# losing control of third eye lids....



## LOVEisGOLDEN (Jan 4, 2008)

sorry i have no answers, but wanted to welcome you & send some good thoughts your way!


----------



## BeauShel (May 20, 2007)

I havent heard of this but I am sure that someone will know what it is. We have alot of very smart people that may be able to help you. Good luck and cant wait to see pictures of your handsome boy.


----------



## missmarstar (Jul 22, 2007)

welcome to the forum! hope someone can give you some advice


----------



## Jackson'sMom (Oct 13, 2007)

Sorry to hear about your pup's problem. Is there a veterinary ophthalmologist near you who can check out your dog's eyes?


----------



## fostermom (Sep 6, 2007)

Did she take a pressure reading on his eyes? I had a senior girl (she was 12 at the time) who had her third eyelid come over her one eye. The vet thought that she might have a cracked tooth that was causing swelling behind her eye. We took her to the opthamologist who tested the pressure in her eye and it was through the roof. We got glaucoma drops that relieved the pressure and between them and a tooth extraction, she was better in no time. If the pressure gets too high in his eyes, it can cause permanent damage.

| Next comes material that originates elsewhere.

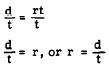 In words, this formula states that rate equals distance divided by time. Likewise, in solving for t, we have the following :

Good luck! I hope he gets better soon.


----------



## rans0m00 (Feb 23, 2008)

Thank you all for your advice and words of encouragement. I will be looking for a vet opthamologist never had heard of one till now so the hunt begins. If anyone knows of one in Oklahoma please let me know. I will post a pic of him next time I'm around my computer usually do all my postings from my curve....

Thnaks,
Jon


----------



## qdawgg (Feb 24, 2008)

*Same problem*

Let me know how you make out, I just joined this site because our 2 year old Golden just started having the exact same problem as you described. The vet thought/thinks that it is Horners also but of course when we went to the vet her eyes were fine until we got home again. That was yesterday, today her eyes were fine all day and then my wife took her out to play with our niece and nephew and when they got back her third eye started to "push" up over her eyeball and her lower eyelid started to droop. I don't know if it is an allergy from outside, I thought maybe she got an irritation in both eyes and the cold air is causing the third eye to move up and protect the eyeball. So maybe she just needs a couple of days to recover.


----------



## LibertyME (Jan 6, 2007)

rans0m00 said:


> Thank you all for your advice and words of encouragement. I will be looking for a vet opthamologist never had heard of one till now so the hunt begins. If anyone knows of one in Oklahoma please let me know. I will post a pic of him next time I'm around my computer usually do all my postings from my curve....
> 
> Thnaks,
> Jon


Hi Jon:

Below are Dr.s Listed with the American College Of Veterinary Ophthalmologists from OK.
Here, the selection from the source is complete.